§ What to do: Beginning with the line that holds "工作クラブでは、毎回、自分た", copy every remaining line of the listing below exactly, and leave the pictures out.
§ §
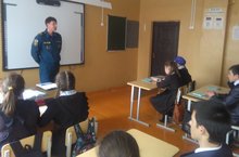 Государственный инспектор Лаишевского участка ФКУ Центра ГИМС МЧС России по РТ Демьянов Р.Ю. провел беседу с учащимися школы по теме: "Меры безопасного поведения на воде в летний период"
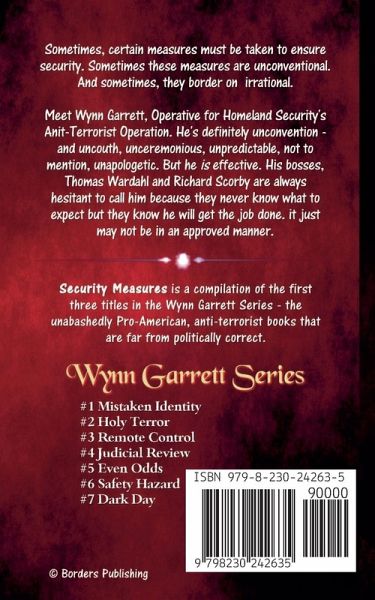 Who Is Wynn Garrett? Due to Constitutional restraints on law enforcement, the risk to Americans has reached an all-time high. Recognizing the need in a post 9-11 era, for an aggressive response, the Department of Homeland Security assigns Wynn Garrett to "eliminate" the threat, by "any means necessary." Mistakenly believing Wynn to be a former Navy Seal, by the same name, they expect him to be politically correct and follow reasonable guidelines of war. He turns out to be anything but reasonable. A proud American, Wynn has no use for the terrorists. He delivers on the promise to "eliminate" the names on the list given him by Thomas Wardahl and Richard Scorby, his bosses. Wynn's impetuous nature is candidly revealed through his impatience and intolerance, but offset by a uniquely cynical humor. Determined that America emerges victorious, Wynn employs questionable tactics in his personal war on terrorism, much to the consternation of his superiors in Washington. They constantly attempt to curb his reckless behavior, but to no avail. Cruelly honest and unabashedly patriotic, slightly offensive but extremely effective, he is America's answer to the problem of domestic terrorism. Making no apologies and holding nothing back; he meets the danger head on, fighting fire with fire. Wynn C. Garrett is America's Mercenary of Freedom. Books 1-3 of the Wynn Garrett Series.
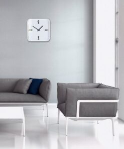 Kwalitatief hoogwaardige wandklok in modern app formaat. Hoogwaardige glanzende voorkant van mineraalglas in combinatie met een ABS-kunststof kast in hoogglans. Puristisch uitgevoerde wijzerplaat met grijze blok-elementen. Geometrische wijzervorm in donkergrijs. De urenwijzer met rood designaccent. Geruisloos uurwerk en geluidloze wijzers. Afmeting 350 x 350 x 45mm. Kleur wit. Loopt op 1 x 1,5V AA batterij (niet meegeleverd). Garantie; 5 jaar-www.sigel.de/garantie
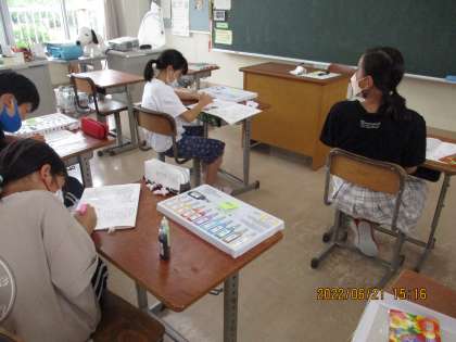 工作クラブでは、毎回、自分たちが取り組んでみたいことに挑戦しています。今回はグラスデコに取り組みました。乾くとガラス等に貼ることができ、ステンドグラスのようになります。
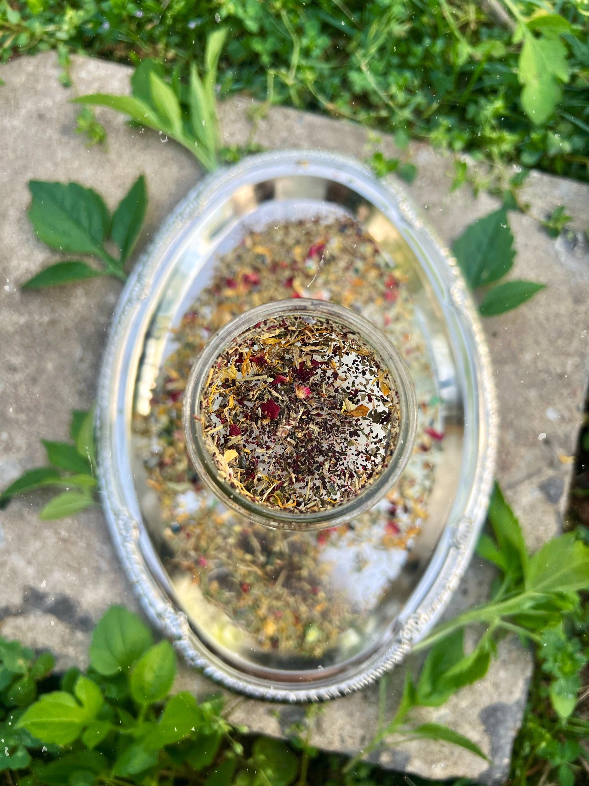 The surface is dressed with a blend of sacred botanicals:
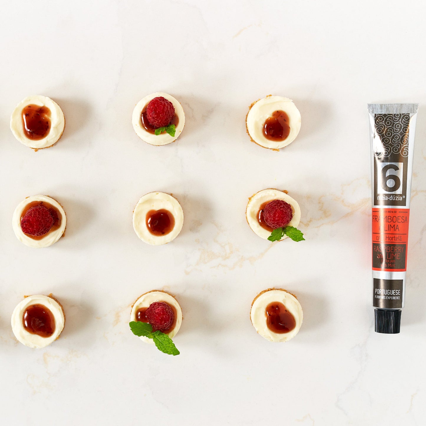 - Doce Extra de Framboesa e Lima com Hortelã: Utilize como recheio de cupcakes, macarons ou simplesmente sobre fruta fresca.
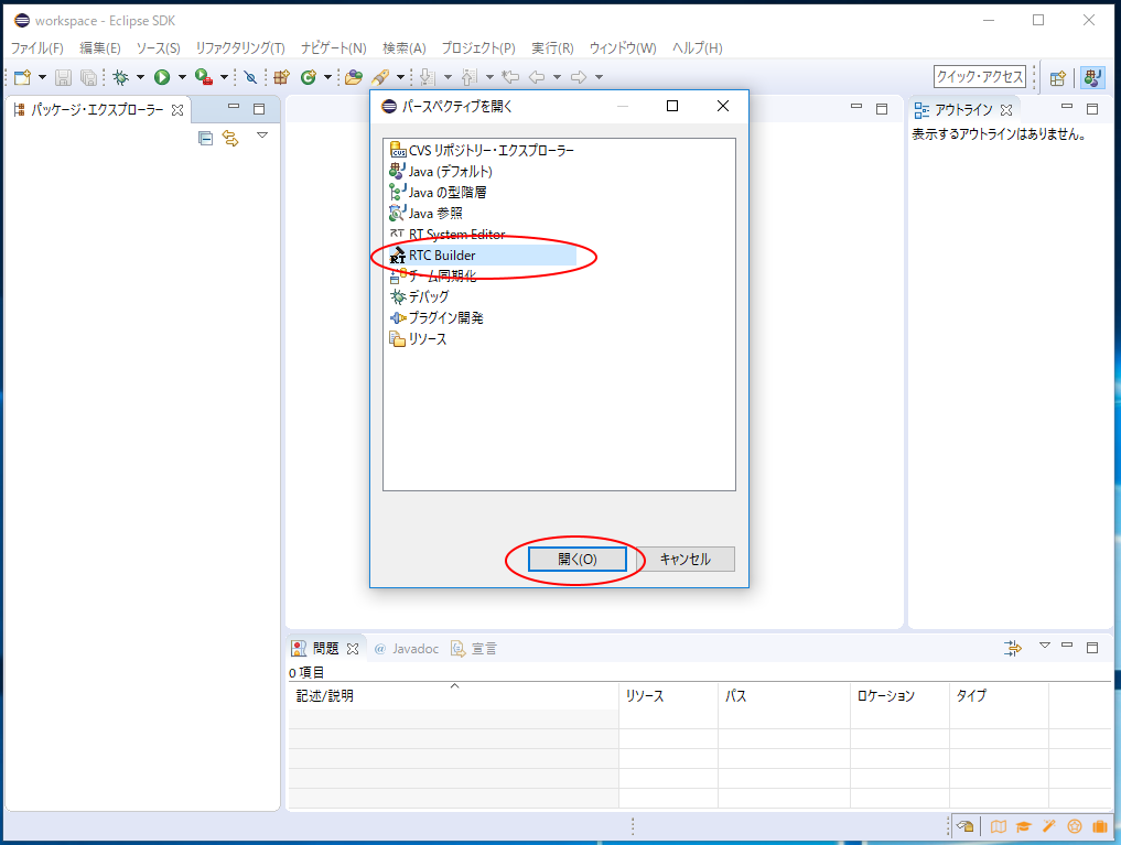 RTCビルダのパースペクティブを開いてプロジェクトを開始
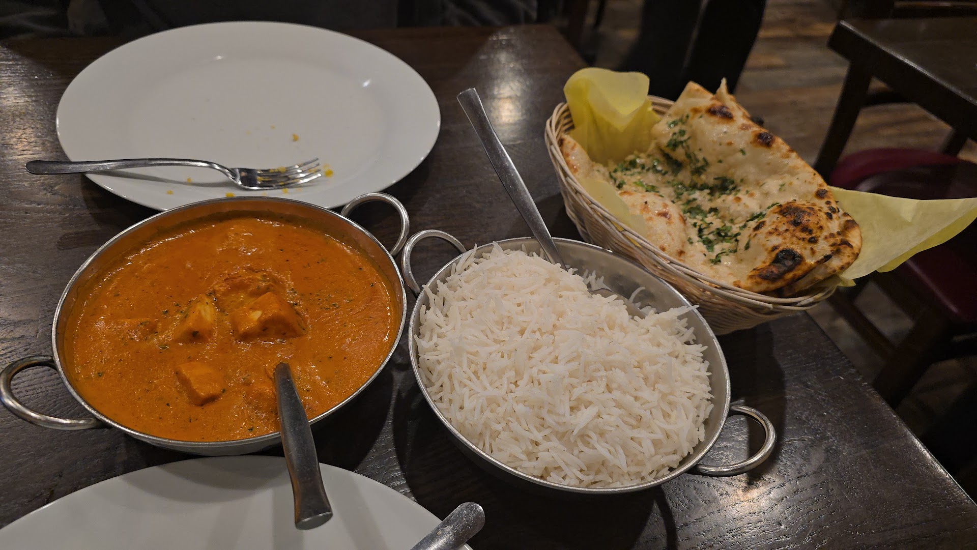 I arrived about 7:45pm on a Sunday. The place was small but cozy with a good atmosphere. It's also pretty popular as there was a wait and quite a few to-go orders. I placed my order, spicy lamb vindaloo and palak paneer, my staples whenever I try a new place. Because the place was so busy I told them I would wait outside on the bench by the door and asked them to bring me my order when it was ready. I waited about 20-30 minutes before going back inside to check on my order to find that it was already done and sitting there for who know how long. That was disappointing. I know they're busy but I was literally two steps away from the hostess stand.
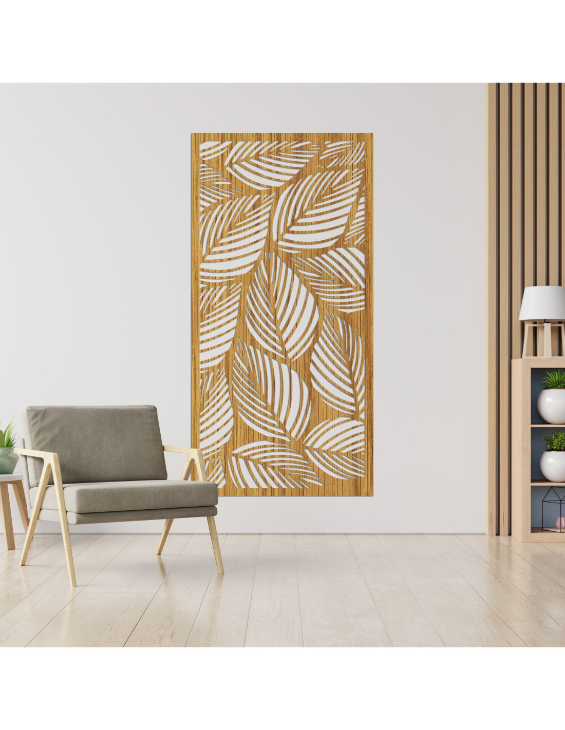 Decorațiunea din lemn cu model de frunze simbolizează creșterea, pacea și conexiunea cu natura.
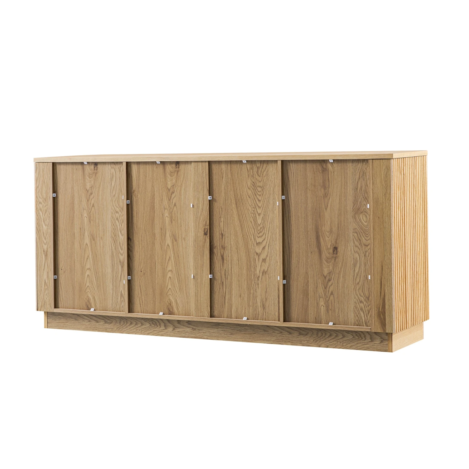 - Crafted with solid oak and veneer, its warm tone and natural grain are brought to life through continuous vertical fluting and softly curved edges.
§ §
§ Completed exercise:
 工作クラブでは、毎回、自分たちが取り組んでみたいことに挑戦しています。今回はグラスデコに取り組みました。乾くとガラス等に貼ることができ、ステンドグラスのようになります。
 The surface is dressed with a blend of sacred botanicals:
 - Doce Extra de Framboesa e Lima com Hortelã: Utilize como recheio de cupcakes, macarons ou simplesmente sobre fruta fresca.
 RTCビルダのパースペクティブを開いてプロジェクトを開始
 I arrived about 7:45pm on a Sunday. The place was small but cozy with a good atmosphere. It's also pretty popular as there was a wait and quite a few to-go orders. I placed my order, spicy lamb vindaloo and palak paneer, my staples whenever I try a new place. Because the place was so busy I told them I would wait outside on the bench by the door and asked them to bring me my order when it was ready. I waited about 20-30 minutes before going back inside to check on my order to find that it was already done and sitting there for who know how long. That was disappointing. I know they're busy but I was literally two steps away from the hostess stand.
 Decorațiunea din lemn cu model de frunze simbolizează creșterea, pacea și conexiunea cu natura.
 - Crafted with solid oak and veneer, its warm tone and natural grain are brought to life through continuous vertical fluting and softly curved edges.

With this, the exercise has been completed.